According to The Hollywood Reporter, Skarsgård will play German-American nuclear physicist Hans Bethe, who headed up the Theoretical division of the Manhattan Project and won the 1967 Nobel Prize in physics.
Could this cast get any bigger?
At this rate, "Oppenheimer" is going to have to be a five-hour-long epic in order to give every major actor cast a speaking role. Skarsgård will be joining a cast that includes Cillian Murphy, Emily Blunt, Robert Downey, Jr., Matt Damon, Florence Pugh, Rami Malek, Benny Safdie, Josh Peck, Jason Clarke, Matthias Schweighöfer, Josh Hartnett, Kenneth Branagh, James D'Arcy, Jack Quaid, Alden Ehrenreich, Dane Dehaan, David Krumholtz, and Matthew Modine.
Murphy is set to play the titular character, the "father of the atomic bomb," and Blunt will portray his wife, Kitty.
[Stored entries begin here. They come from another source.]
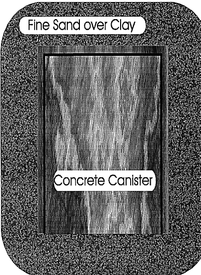 A second design is for individual cylindrical concrete canisters. The concrete canisters could be placed either inside a large concrete vault or without a surrounding concrete vault. The simple design places a clay layer around the canister followed by fine sand. The clay layer could be a geosynthetic consisting of a geomembrane with attached clay. The fine sand promotes drainage around the concrete canisters for both unsaturated and saturated flow conditions.
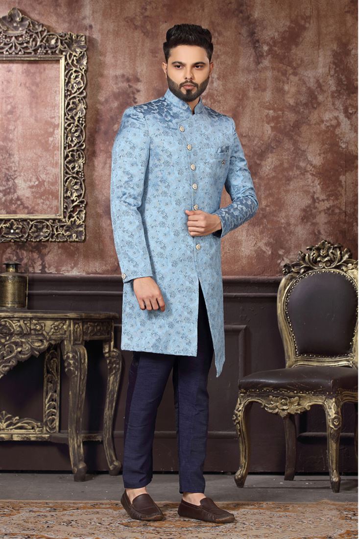 The Sky Blue Readymade Indo Western outfit is perfect for wedding ceremonies, receptions, and other festive occasions. Its timeless appeal and fusion of traditional and contemporary styles make it suitable for men of all ages and preferences.
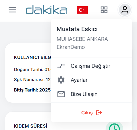 Sağ üst kısımda bulunan profil üzerine tıklayıp Çalışma Değiştir, Ayarlar, Bize Ulaşın ve Çıkış alanlarına ulaşabilmektesiniz.
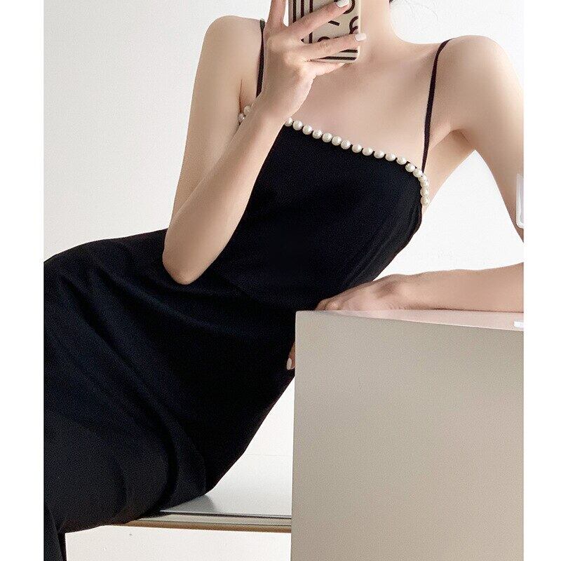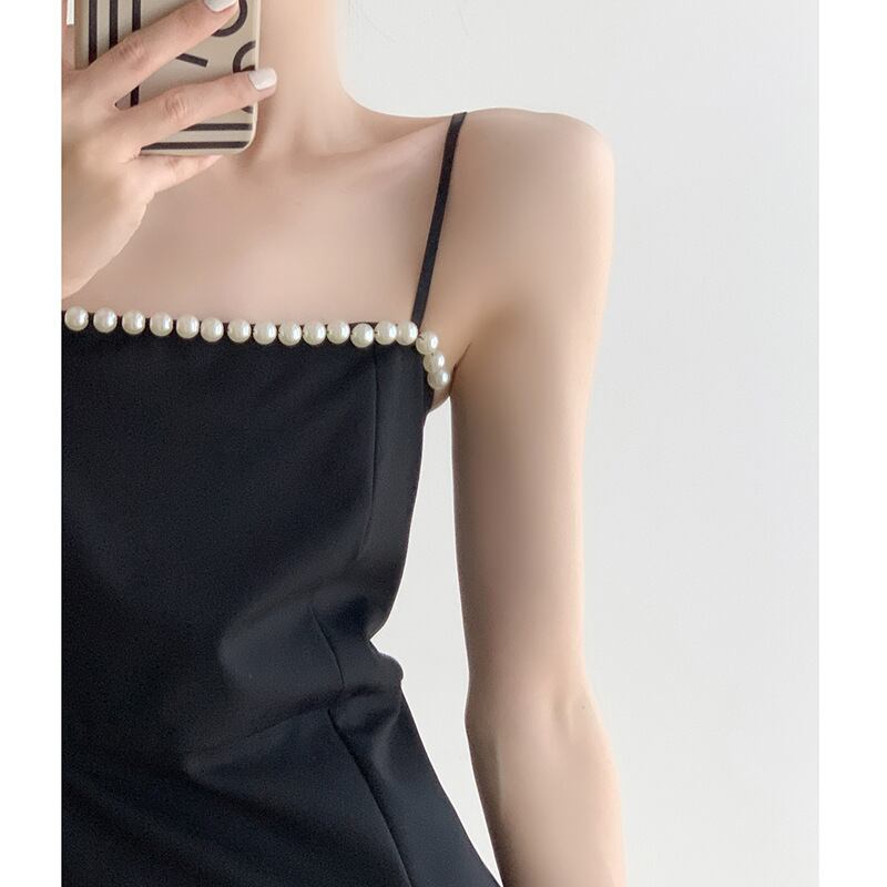 Nomikuma シックビーズオフショルダースパゲッティストラップドレススリムウエスト黒人ドレス夏 Vestidos ブラック サマー 夏物
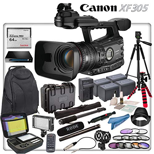 - MFR# 4454B001 This Kit Includes: Canon XF 305 HD Camcorder + SanDisk Extreme Pro 64GB CFast 2.0 Card + Rode NTG4 Condenser Microphone + Full Size Sturdy Tripod + Flex Tripod + 3x Replacement Batteries + Travel Charger + Filter Kit + Graduated Filter Kit + Macro Close Up Set + Backpack + Pro LED Video Light + Hard Case and more...
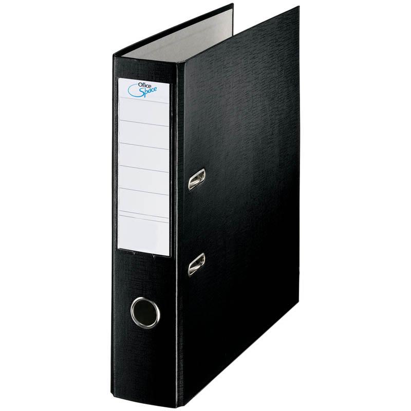 Пaпкa-регистратор OfficeSpace® 70мм, бумвинил, с карманом на корешке, черная: AFbv70-5-732 / 2521016 Папка-регистратор для хранения документов, металлический арочный механизм, покрытие бумвинил, карман на корешке папки. Формат А4+. Ширина корешка 70 мм. Цвет черный.
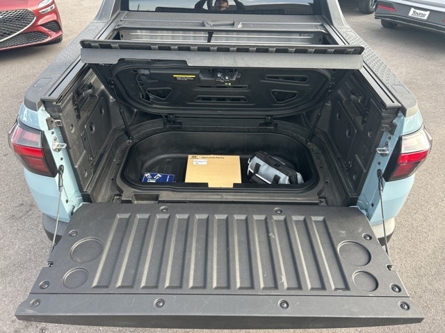 Option Group 01, 18" x 7.5J Alloy Wheels, 4-Wheel Disc Brakes, 4.081 Axle Ratio, 6 Speakers, ABS brakes, Air Conditioning, All Season Fitted Liners, Alloy wheels, AM/FM radio: SiriusXM, Apple CarPlay & Android Auto, Auto High-beam Headlights, Auto-leveling suspension, Automatic temperature control, Brake assist, Bumpers: body-color, Cargo Net, Compass, Cross Rails, Delay-off headlights, Driver door bin, Driver vanity mirror, Dual front impact airbags, Dual front side impact airbags, Electronic Stability Control, Emergency communication system: Bluelink+, Exterior Parking Camera Rear, Four wheel independent suspension, Front anti-roll bar, Front Bucket Seats, Front Center Armrest, Front dual zone A/C, Front reading lights, Fully automatic headlights, H-Tex Leatherette Seat Trim, Heated door mirrors, Heated Front Bucket Seats, Heated front seats, Illuminated entry, Low tire pressure warning, Mud Guards, Occupant sensing airbag, Outside temperature display, Overhead airbag, Overhead console, Panic alarm, Passenger door bin, Passenger vanity mirror, Power door mirrors, Power driver seat, Power moonroof, Power steering, Power windows, Radio data system, Radio: AM/FM/HD Audio System, Rear anti-roll bar, Rear reading lights, Rear seat center armrest, Rear side impact airbag, Rear step bumper, Rear window defroster, Remote keyless entry, Roadside Assistance Kit, Security system, Speed control, Speed-sensing steering, Split folding rear seat, Spoiler, Steering wheel mounted audio controls, Tachometer, Telescoping steering wheel, Tilt steering wheel, Traction control, Trip computer, Turn signal indicator mirrors, Variably intermittent wipers, and Wheel Locks.
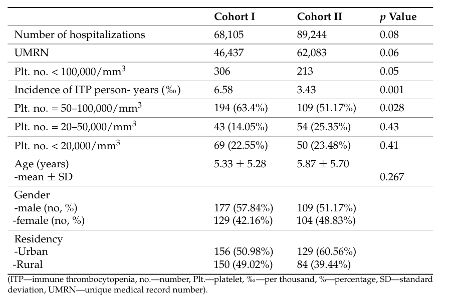 这项单中心研究纳入了罗马尼亚三级儿童医院的519例新诊断ITP住院儿童,其中2020-2024年病毒暴发期(队列I)306例,2015-2019年无病毒流行期(队列II)213例。值得注意的是,队列I期间因实施封锁、戴口罩、学校关闭等非药物防疫措施,住院总人数较队列II减少23.7%(68105人vs89244人)。
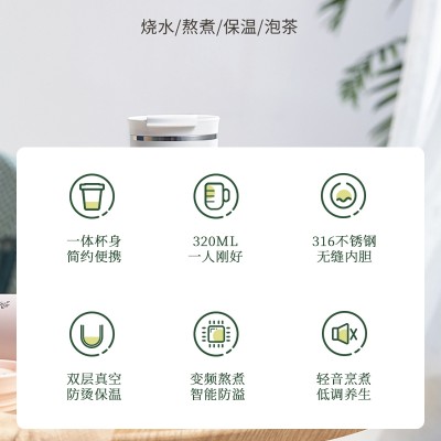 鸣盏 多功能便携式烧水壶电热水杯加热保温迷你小型旅行熬煮养生杯MZ-028 梨花白 SKU:yzwhyp204725
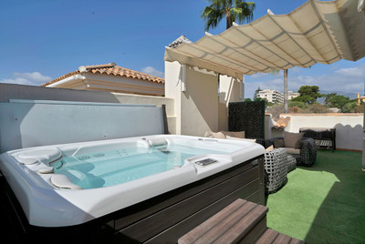 With over 300 m² built area, the property features 3 bedrooms, 2 bathrooms, and a guest toilet. The generous living and dining area opens onto a west-facing terrace overlooking the communal gardens and pool. The bright, fully equipped kitchen complements the home’s spacious layout, while the private rooftop solarium — complete with a jacuzzi — provides the perfect spot to relax and enjoy panoramic views.

Pugh will play Jean Tatlock, who had an affair with Oppenheimer that was a security risk because of her ties to the Communist Party of the United States. Damon will play Manhattan Project director Leslie Groves, Jr., while Downey, Jr. will play Lewis Strauss, the founding commissioner of the U.S. Atomic Energy Commission.
The film is based on the Pulitzer Prize-winning book "American Prometheus: The Triumph and Tragedy of J. Robert Oppenheimer" by Kai Bird and Martin J. Sherwin, which tells the complicated tale behind the world's first use of nuclear energy, and how that energy was turned into a means of mass destruction. Nolan has shown that he has an appreciation for history and theoretical science with films like "Dunkirk" and "Interstellar," so "Oppenheimer" feels like a perfect fit for the director's unique talents. I'm just curious to see how he's going to fit this many big-name actors into one film and give them all a chance to shine.
"Oppenheimer" is described as "an epic thriller that thrusts audiences into the pulse-pounding paradox of the enigmatic man who must risk destroying the world in order to save it," and is set to premiere in theaters on July 21, 2023.